═══ DATA FOR ANALYSIS ═══

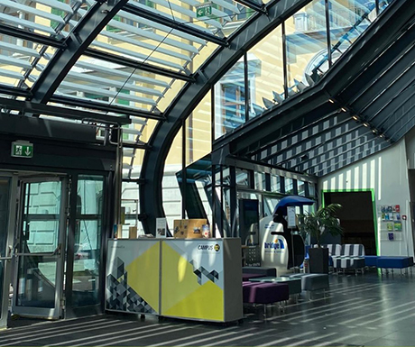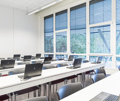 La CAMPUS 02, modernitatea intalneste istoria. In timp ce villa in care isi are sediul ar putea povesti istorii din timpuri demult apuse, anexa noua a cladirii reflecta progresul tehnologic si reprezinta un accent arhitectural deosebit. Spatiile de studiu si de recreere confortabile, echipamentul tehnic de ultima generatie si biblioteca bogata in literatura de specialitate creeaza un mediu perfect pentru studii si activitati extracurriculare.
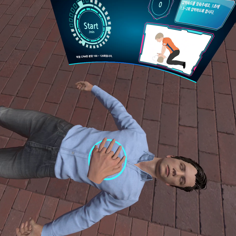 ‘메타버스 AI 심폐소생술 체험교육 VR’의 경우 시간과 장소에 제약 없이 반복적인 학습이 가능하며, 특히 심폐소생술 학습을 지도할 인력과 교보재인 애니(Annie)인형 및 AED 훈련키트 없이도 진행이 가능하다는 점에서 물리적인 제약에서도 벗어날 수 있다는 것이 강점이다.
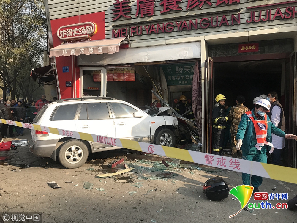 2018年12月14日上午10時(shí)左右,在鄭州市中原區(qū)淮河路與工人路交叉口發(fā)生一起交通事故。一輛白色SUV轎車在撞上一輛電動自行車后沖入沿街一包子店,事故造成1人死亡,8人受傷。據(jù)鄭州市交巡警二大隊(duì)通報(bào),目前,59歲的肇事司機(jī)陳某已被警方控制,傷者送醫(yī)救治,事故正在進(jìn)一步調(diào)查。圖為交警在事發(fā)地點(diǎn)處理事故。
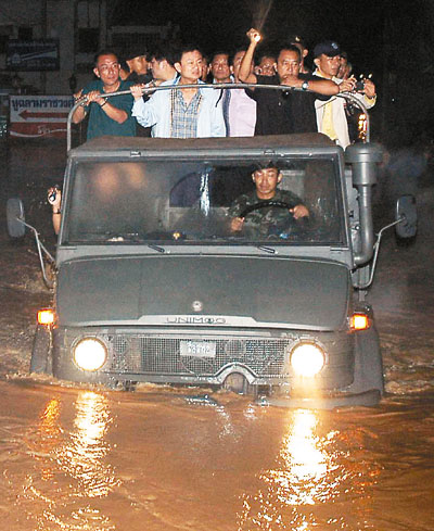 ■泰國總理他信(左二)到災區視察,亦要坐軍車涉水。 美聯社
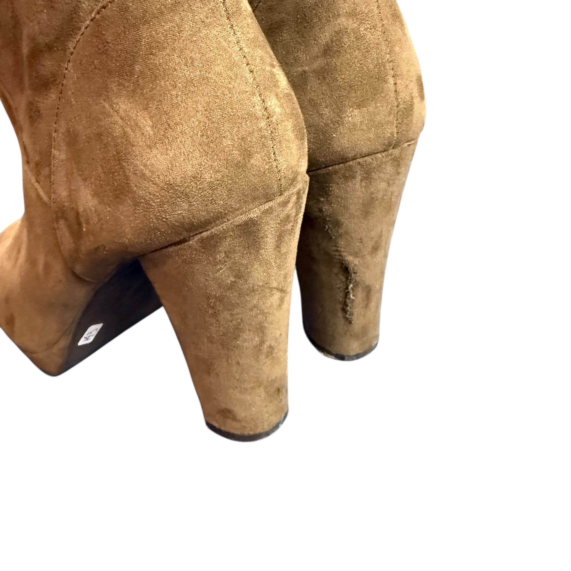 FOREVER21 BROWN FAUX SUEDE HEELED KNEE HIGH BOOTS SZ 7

═══
═══ DATA FOR ANALYSIS ═══

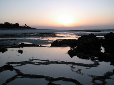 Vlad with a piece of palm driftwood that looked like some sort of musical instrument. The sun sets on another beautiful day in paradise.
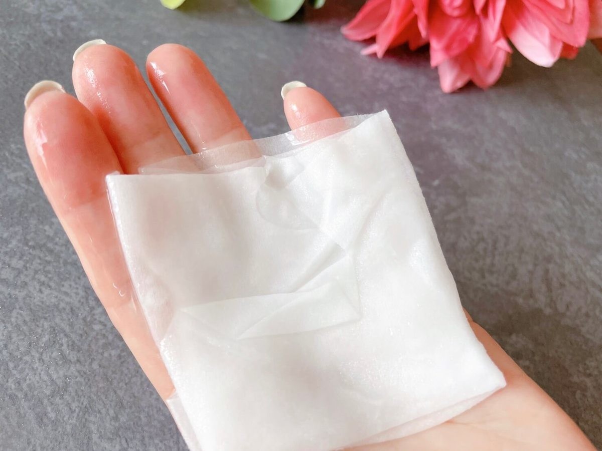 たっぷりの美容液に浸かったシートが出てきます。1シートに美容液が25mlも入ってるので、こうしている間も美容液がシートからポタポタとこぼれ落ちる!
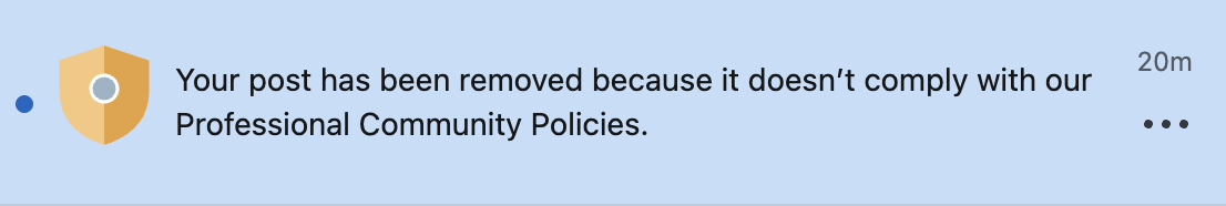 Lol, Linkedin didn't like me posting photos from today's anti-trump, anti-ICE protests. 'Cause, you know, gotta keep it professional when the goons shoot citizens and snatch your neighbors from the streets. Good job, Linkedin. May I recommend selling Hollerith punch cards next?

═══

(WORK REQUIRED)
Above are the records; return the lines in them from the one with "La CAMPUS 02, modernitatea" to the one with "FOREVER21 BROWN FAUX", inclusive, exactly and without images.

(EXERCISE SOLUTION)
 La CAMPUS 02, modernitatea intalneste istoria. In timp ce villa in care isi are sediul ar putea povesti istorii din timpuri demult apuse, anexa noua a cladirii reflecta progresul tehnologic si reprezinta un accent arhitectural deosebit. Spatiile de studiu si de recreere confortabile, echipamentul tehnic de ultima generatie si biblioteca bogata in literatura de specialitate creeaza un mediu perfect pentru studii si activitati extracurriculare.
 ‘메타버스 AI 심폐소생술 체험교육 VR’의 경우 시간과 장소에 제약 없이 반복적인 학습이 가능하며, 특히 심폐소생술 학습을 지도할 인력과 교보재인 애니(Annie)인형 및 AED 훈련키트 없이도 진행이 가능하다는 점에서 물리적인 제약에서도 벗어날 수 있다는 것이 강점이다.
 2018年12月14日上午10時(shí)左右,在鄭州市中原區(qū)淮河路與工人路交叉口發(fā)生一起交通事故。一輛白色SUV轎車在撞上一輛電動自行車后沖入沿街一包子店,事故造成1人死亡,8人受傷。據(jù)鄭州市交巡警二大隊(duì)通報(bào),目前,59歲的肇事司機(jī)陳某已被警方控制,傷者送醫(yī)救治,事故正在進(jìn)一步調(diào)查。圖為交警在事發(fā)地點(diǎn)處理事故。
 ■泰國總理他信(左二)到災區視察,亦要坐軍車涉水。 美聯社
 FOREVER21 BROWN FAUX SUEDE HEELED KNEE HIGH BOOTS SZ 7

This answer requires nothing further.